Frozen({'time': 31, 'station': 5, 'lead_time': 1})

# Initialize an empty list to store results
results_list = []

# Iterate through each ensemble member and lead time
for imember in forecast_ensemble_da["ensemble"].values:
    for ilead in forecast_ensemble_da["lead_time"].values:
        # Select the forecast data for the current ensemble member and lead time
        cur_fcst_da = forecast_ensemble_da.sel(ensemble=imember, lead_time=ilead)

        # Calculate NSE value for the selected forecast data and observed data
        nse_value = nse(cur_fcst_da, observed_da).values

        # Append the results as a dictionary to the list
        results_list.append({"ensemble": imember, "lead_time": ilead, "NSE": nse_value})

# Create a DataFrame from the list of dictionaries
nse_results = pd.DataFrame(results_list)

# Print the DataFrame
print(nse_results.head(3))

    ensemble  lead_time                  NSE
0  Ensemble1          1  -1.1721371704833192
1  Ensemble1          2  -1.0448237401444582
2  Ensemble1          3   -1.060897482889457

Exercise for the Reader

The above can also be done using xarrays’s map_blocks or apply_ufunc methods - which may reduce the load on memory further by using dask to partition and compute chunks more efficiently.

Note: that dask should not be the first solution and a simple loop like above may usually accomplish things sufficiently (and explicitly) - even for very large datasets - noting that xarray/netcdf4 loads data lazily with or without dask. dask on the other hand is useful when dealing with distributed compute and storage.

Fore more info see:

• dask guidelines - in particular section on start small: https://docs.dask.org/en/stable/best-practices.html#start-small

• xarray ufunc/map_blocks - in particular any tutorials referenced: https://docs.xarray.dev/en/stable/user-guide/dask.html#dask-automatic-parallelization

• numpy broadcasting - these are helpful integrations to the underlying ufunc allowing observations to be broadcast to forecast ensembles while still being compatible with the above xarray functions: https://numpy.org/doc/stable/reference/generated/numpy.broadcast_arrays.html#numpy.broadcast_arrays

Other Things to Try

There are several variants of NSE that are useful for particular applications, see: https://en.wikipedia.org/wiki/Nash%E2%80%93Sutcliffe_model_efficiency_coefficient

• Scores currently supports the use of weights. This allows the user to calculate wNSE, which is typically scaled by the obs itself. See: Hundecha and Bárdossy (2004).

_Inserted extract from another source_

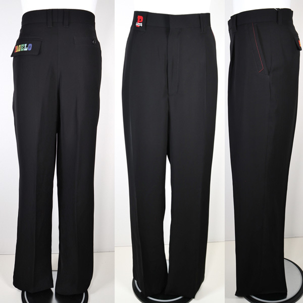 | ■形状/ シワになりにくいポリエステル素材の1タックパンツです。 サラッとした生地感、カラフルなロゴ刺繍がアクセントになっています。 ウエストは1cm程度伸縮するアジャスターのフック付きです。 |

• weights can also be used as “selectors” by specifying binary values (in this case 1 => include datum or np.nan => exclude datum. This is useful for slicing hydrographs by their observation values and accumulating over the resultant extents.

• NNSE a variant of NSE that works with machine learning optimisation functions.

• LNSE logarithmic processing of observation and forecasts prior to computing NSE for better representation of smaller values.

Most of the above variations can be computed either by:

• preprocessing the observations/forecast,

• composing the NSE computation with another function,

• or scaling using the weights input argument.